Question

What is the `[OH^-]` in a solution that has a `[H_3O]=1.0*10^-6` `M`?

Answer 1

The solution has a `[OH^(-)]` of `1.0xx10^(-8)M`

Explanation:

The answer can be obtained one of two ways:

1. `color(red)("Use the auto-ionization constant of water equation, Kw:"`
   
   All you would have to do is rearrange the equation to solve for `[OH^(-)]` by dividing both sides of the equation by `[H_3O^(+)]:`

`[OH^(-)] =(1.0xx10^(-14))/[[H_3O^(+)]]`

Plug in the known concentration of `H_3O^(+)` ions:
`[OH^(-)] =(1.0xx10^(-14))/(1.0xx10^(-6))`

`[OH^(-)] = 1.0xx10^(-8)M`

2.
Determine the pH of the solution by taking the negative logarithm
(-log) of the concentration of `H_3O^(+)` ions.

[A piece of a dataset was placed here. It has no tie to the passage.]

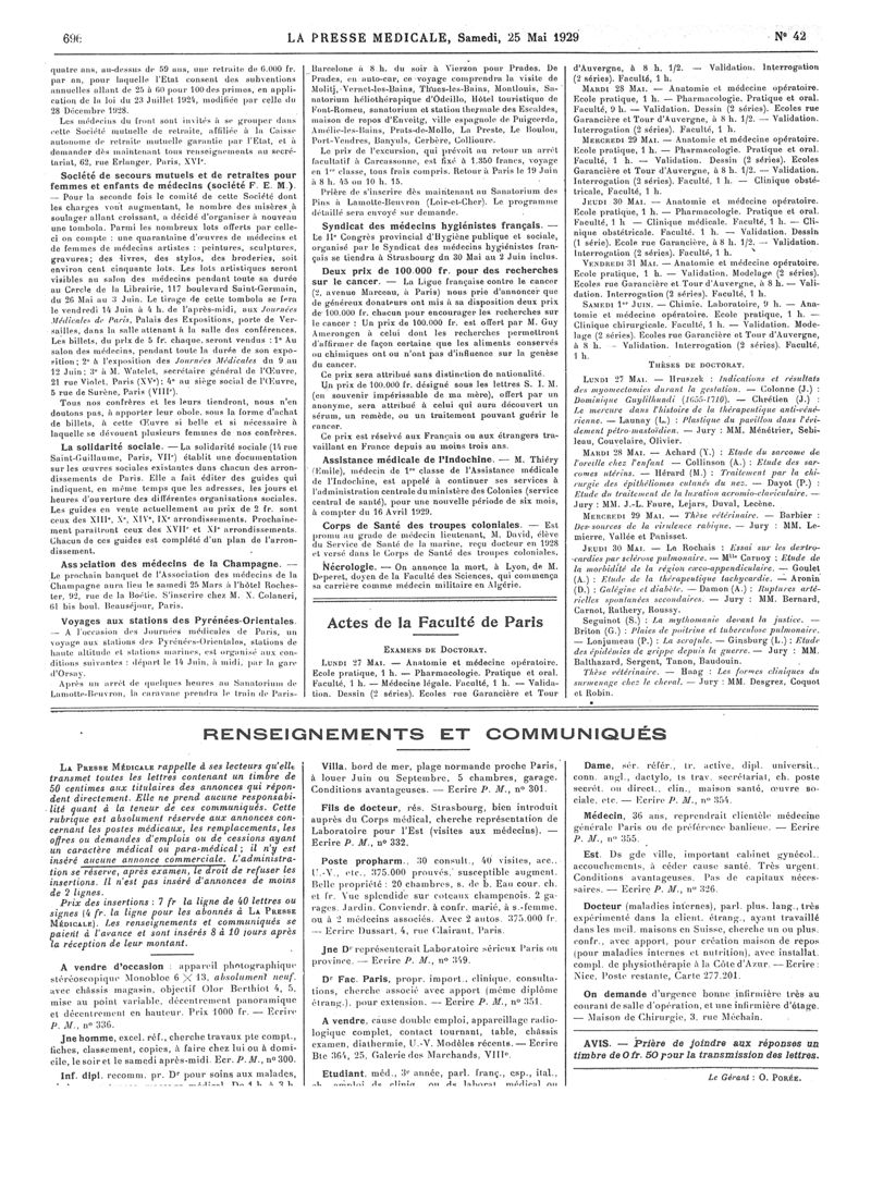 1929, Articles originaux. -

`pH = -log(1.0xx10^(-6)) = 6`

Then obtain the pOH using the equation: `pH + pOH = 14`. Rearrange to solve for pOH:

`pOH = 14 - 6 = 8`

Finally, you take the anti log (inverse of the natural logarithm), `10^("negative number")` of the pOH to obtain the concentration of `OH^(-)` ions.

`10^(-pOH)`
`10^(-8) = 1.0xx10^(-8)M`